A eudiometer contains 65.0 ml sample of gas collected by the diplacement of water. The water levels inside and outside the eudiometer are the same. The atmospheric pressure is 92.5 kPa and the temperture is 23 degrees. What volume will the dry gas occupy at STP? The vapor pressure of water at 23 degrees is 2.8 kPa.
92.5kPa-2.8kPa= 89.7kPa
65.0 ml(89.7 kPa)/101.3 kPa
answer: 57.6 ml
The only difficulty here is the temp.
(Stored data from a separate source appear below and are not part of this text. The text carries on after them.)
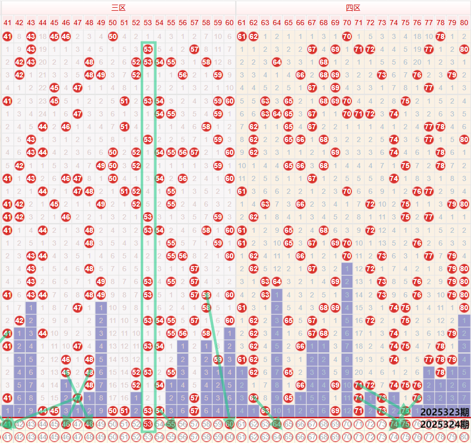 如图所示:在本期大数区的选号中注意在上期的走势中三区间开出了7枚中奖号码,落位在区间的最高位走势,同时补出45 50 51三枚遗漏十五期以上的冷号走势,因此本期的三区间走势,有着较强的下调走势,这里还要结合四区间的走势,在上期的四区间开奖结果中是开出69 71 73 75的奇数四连号走势,其中71 73 75形成了奇数的大三角走势,以及71 73的同步重号走势,从三四区间的落号形态来看,四区间的落号数量出现大幅度下调的可能性,个人认为是高位三区间的,因此本期的三区间建议可以继续考虑一期的高位走势,重点关注在上期开出45 50 51的冷号周边走势,重点关注46 47 48 49 50的位置出现号码回补,这里建议考虑46 49的号码二选一走势,选择46则注意46 48的偶数二连走势,选择49则注意44 49的双码走势,另外在近期的走势中53 54的二连落号热度非常高,在其下方的走势中出现断号的次数并不是很多,因此本期建议考虑53 54的重号选择,以及53 55的奇数二连走势,在近期的走势中69-60的交替走势频繁开出,本期要注意60的交替走势,这里要重点考虑在上期四区间开出了69 71 73 75的技术四连号,且保持着71 73的奇数双码重号走势,这里如果考虑69的重号则要注意60 69的多期交替走势下转为同出形态,7字头的号码注意74 75的落号热度,本期可以继续考虑遗漏二期的形态继续落号。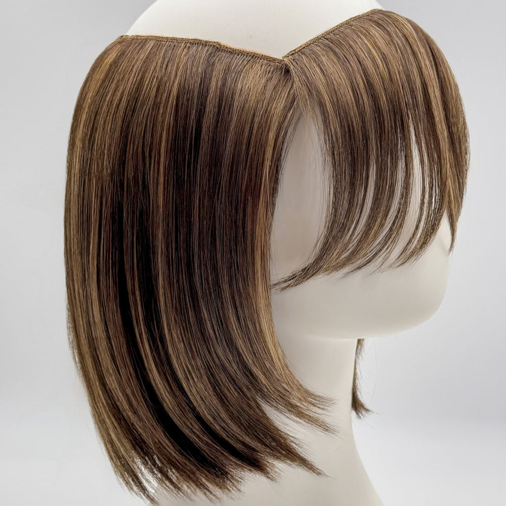 Halo Bob Top Piece from our Rene of Paris Hi-Fashion Collection is a medium length synthetic hair topper. This straight hair enhancer is a refreshingly original halo hair piece complete with chin length layers and a detachable fringe. It can be worn under a hat or turban to compliment any outfit. The Halo Bob is machine made and is worn from the crown to the nape. The result is a comfortable fit with a natural look that is both fashionable and easy to wear.
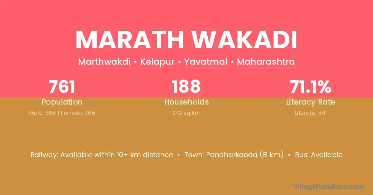 Pandharkaoda (8 km) is the nearest town to Marath Wakadi village for major economic activities and is located approximately 8 km away.
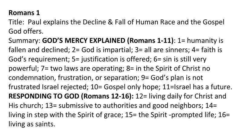 Back to the slides sitting around the table. We're at Panera or Starbucks. The first 11 chapters is God's mercy explained. And I talk about humanity has fallen. God is impartial, all are sinners. Faith is God's requirement. He offers justification and sin is still very powerful. Even after we're saved, the two laws are operating within us, in chapter seven, the Spirit of Christ makes us so we have no condemnation, no frustration, and no separation from God. Chapter nine, God's plan is not frustrated even though Israel rejected Him. God gives a Gospel of hope and he concludes this with Israel as a future. So that's the first half what we call the doctrinal half of Romans. Now, this is the practical. How do we respond to God? And we're going to see in the weeks ahead, 12 through 16, He wants us to live daily for Him, submit to authorities, live in step with the Spirit of grace and other believers, live a Spirit-prompted life, and live as saints willing to suffer.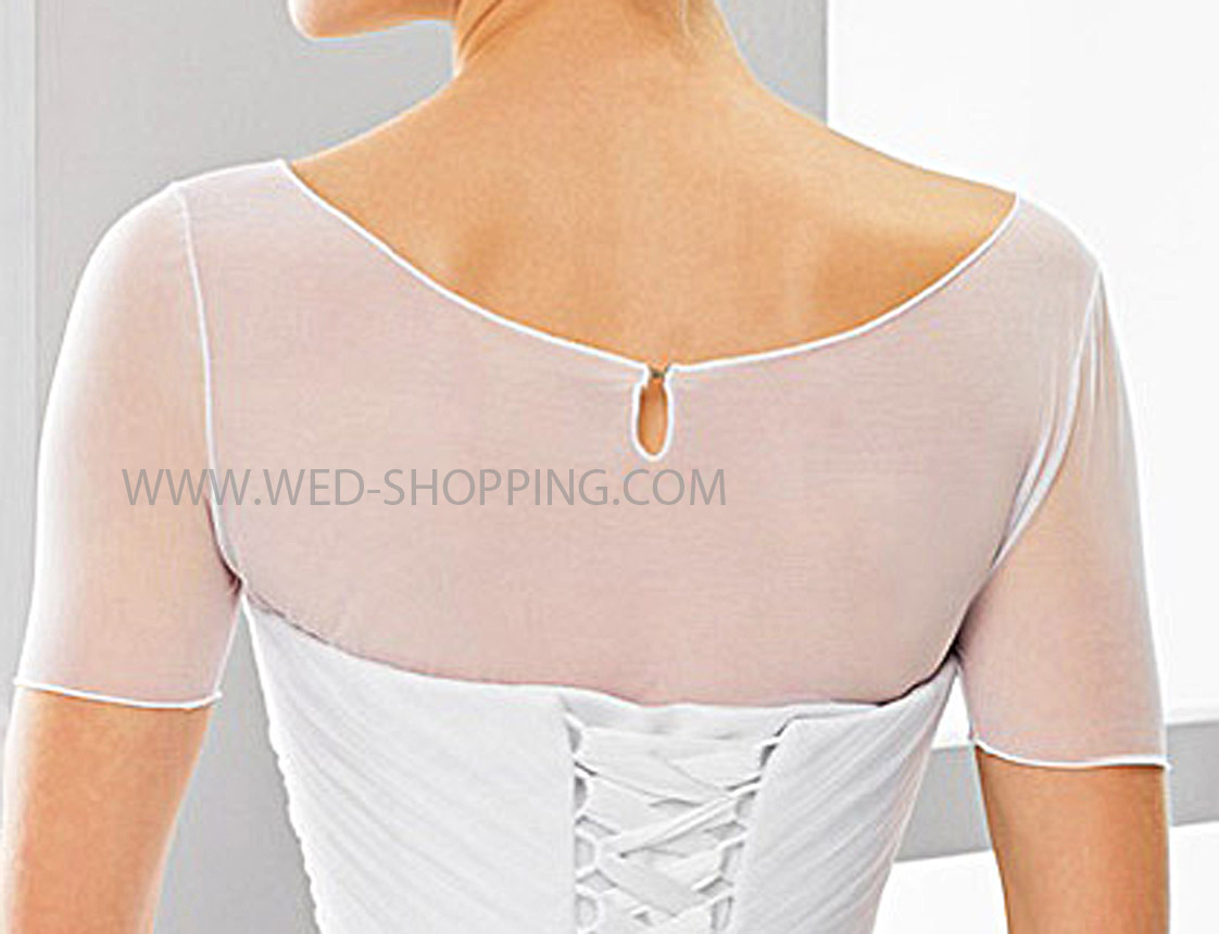 Bruids jasje van stretch tule V-decollete Korte mouwen Leverbaar in wit en ivoor S/M,L/XL,XXL/XXXL,4XL/5XL,6XL/7XL (Grote Mat) Hoge kwaliteit. Gemaakt in de EU. Leveringstijd is circa 10 werkdagen. Vraag om een snellere levering.

As I see it you correctly calcuated the volume at standard pressure, 23C. You need to adjust the volume for temperature now.
I think this might be right...adjusting the volume for temperature.
273K + 23K= 296K
The two possible temperature ratio would be 296K/273K or 273K/296K. I chose the second one.
57.6 ml(273K)/296K
answer: 53.1 ml
That looks good to me.
To find the volume of the dry gas at STP, we need to consider the difference in pressure and the ideal gas law.
First, subtract the vapor pressure of water (2.8 kPa) from the atmospheric pressure (92.5 kPa) to get the partial pressure of the dry gas:
92.5 kPa - 2.8 kPa = 89.7 kPa
Next, we can use the equation:
(Volume of wet gas)(partial pressure of dry gas) = (Volume of dry gas)(STP pressure)
Let's substitute the given values into the equation:
(65.0 ml)(89.7 kPa) = (Volume of dry gas)(101.3 kPa)
Now, solve for the volume of the dry gas:
Volume of dry gas = (65.0 ml)(89.7 kPa) / 101.3 kPa
Volume of dry gas ≈ 57.6 ml
Therefore, the volume of the dry gas at STP is approximately 57.6 ml.